You say: " ... I know love will come. As sure as the birds pair so will we. It's something that one can not stop. I have been very fortunate and very close to tying the knot."
This is uncomfortable stuff. You talk about love as if it is a commodity and something outside yourself. Don't you think it's an emotion, which you create within yourself?
What about just working on being a loving person yourself? A priest at a church near me has a motto, which in part says "Love wastefully." I think the idea is that love is something you just give away without thinking about getting anything back. Did you ever read the lyrics to Malvina Reynolds' song "Magic Penny"? Google them up and take a look. She was one smart lady.

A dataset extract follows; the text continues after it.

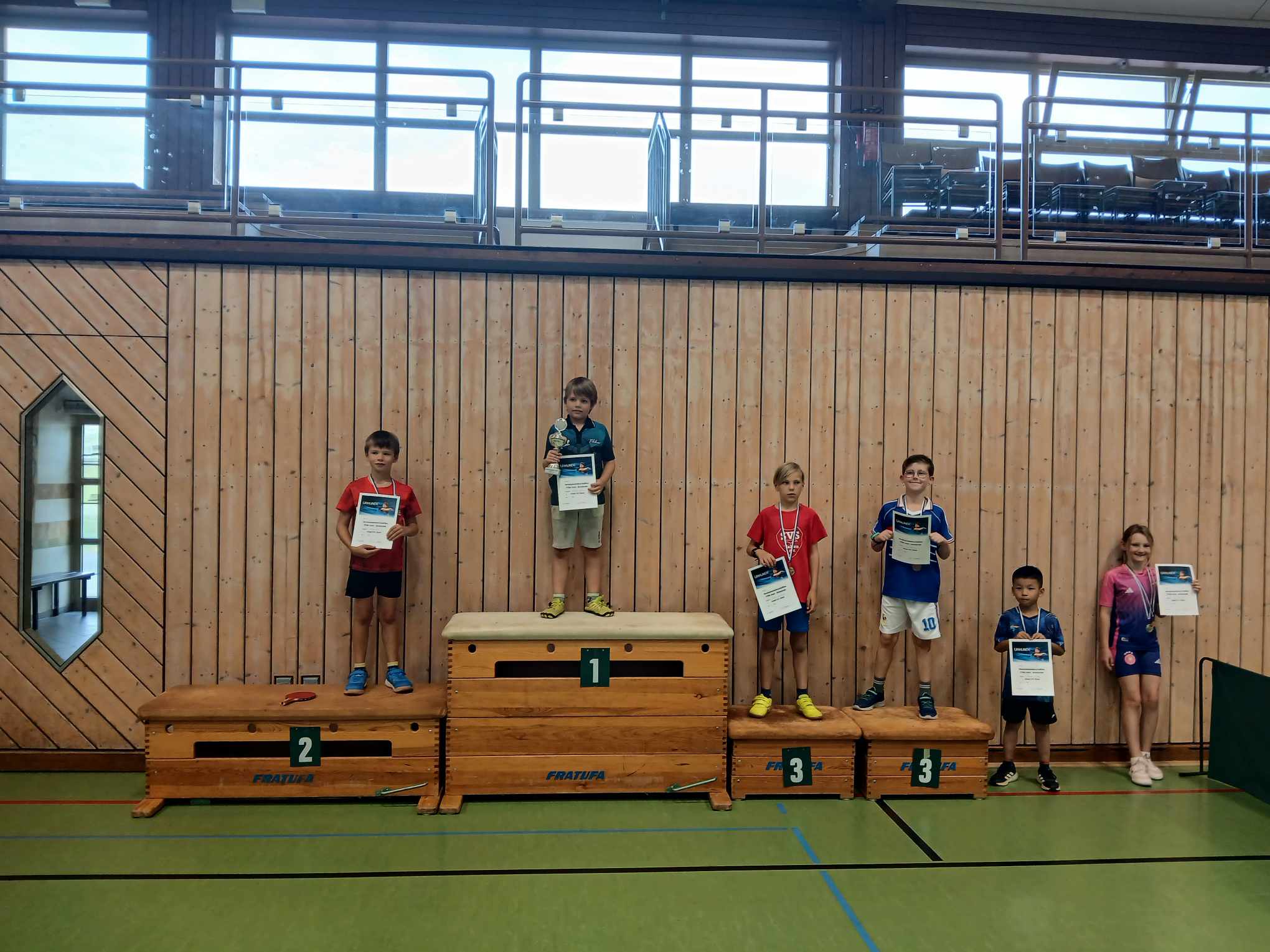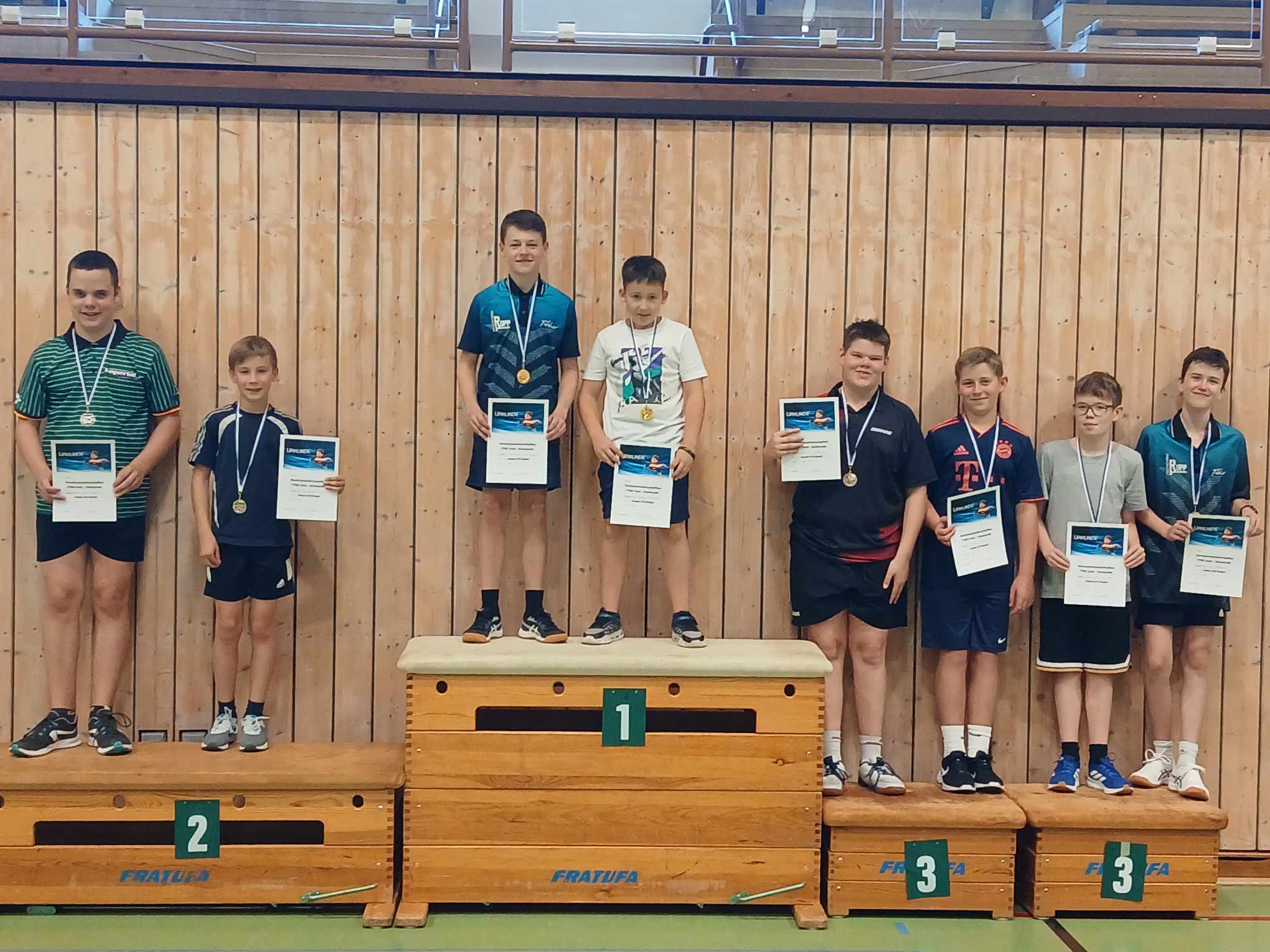 Den Auftakt machten die U9- und U11-Spieler/-Spielerinnen; und bei den U11 war in Abwesenheit des Titelverteidigers Malte Miska der Favorit. Dies bestätigte er dann auch mit einem souveränen Turniererfolg. Bei den U9-Kindern setzte sich der jüngste und auch kleinste Teilnehmer durch, Chenyü Kang, der sicher eine Zukunft im Tischtennis hat, wenn er dabeibleibt. Er zeigte auch gegen die größeren Spieler sein Potential, da darf man sehr gespannt sein.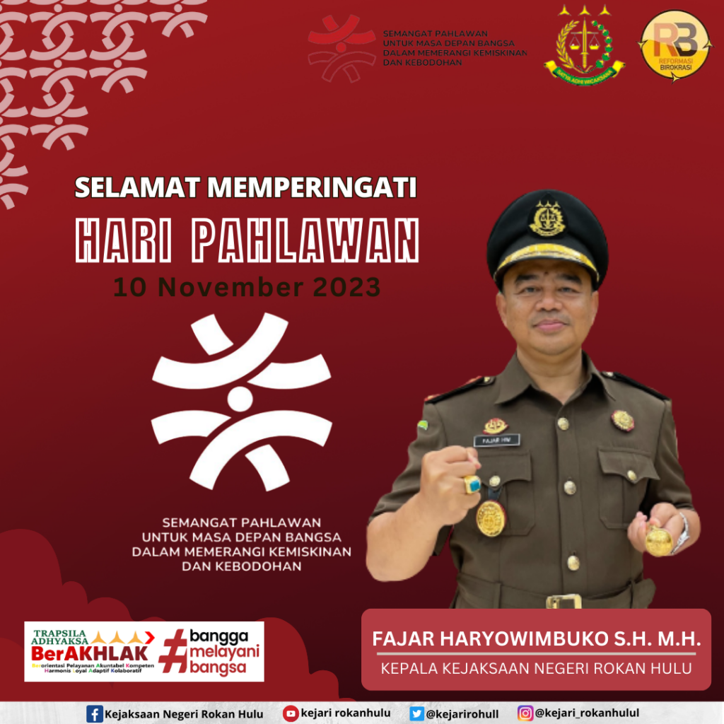 Uncategorized Selamat Memperingati Hari Pahlawan 10 November 2023 November 10, 2023 No Comments “SEMANGAT PAHLAWAN UNTUK MASA DEPAN BANGSA DALAM MEMERANGI KEMISKINAN DAN KEBODOHAN” Previous Post Next Post You may also like May 6, 2024 Kejari Rokan Hulu Gelar Upacara Peringatan HUT PERSAJA ke 73 Tahun 2024 April 1, 2024 Berbagi Takjil atau Makanan Berbuka Puasa Dalam Rangka Bulan Suci Ramadhan September 28, 2025 Laporan Kinerja Tahun 2025 Leave a Reply Cancel replyYour email address will not be published. Required fields are marked *Comment * Name * Email * Website Save my name, email, and website in this browser for the next time I comment. Δ

Next, there's your talk of "pairing." Really, dude, aren't you mixing biology with your own emotions, such as love? Pairing is quite possible with or without love, and vice versa. Can you love, and accept love, without assuming it has to connected with "pairing"?
Who says that anything about your emotional life is "something you cannot stop"? Don't you want to grow up and be in control of your life? If you don't take control of your emotions - including love - then don't you get blown around by every wind in life instead of living like master of it?
Finally, what's this about "tying the knot"? Really, dude, what does that have to do with anything? Can't you love, and be loved, without connecting it with the state of matrimony? You discuss "tying the knot" as if maybe it's some kind of a goal to be achieved. If that's the way you see it, what's going to motivate you when you have achieved it? Divorce that one and take on the next challenge?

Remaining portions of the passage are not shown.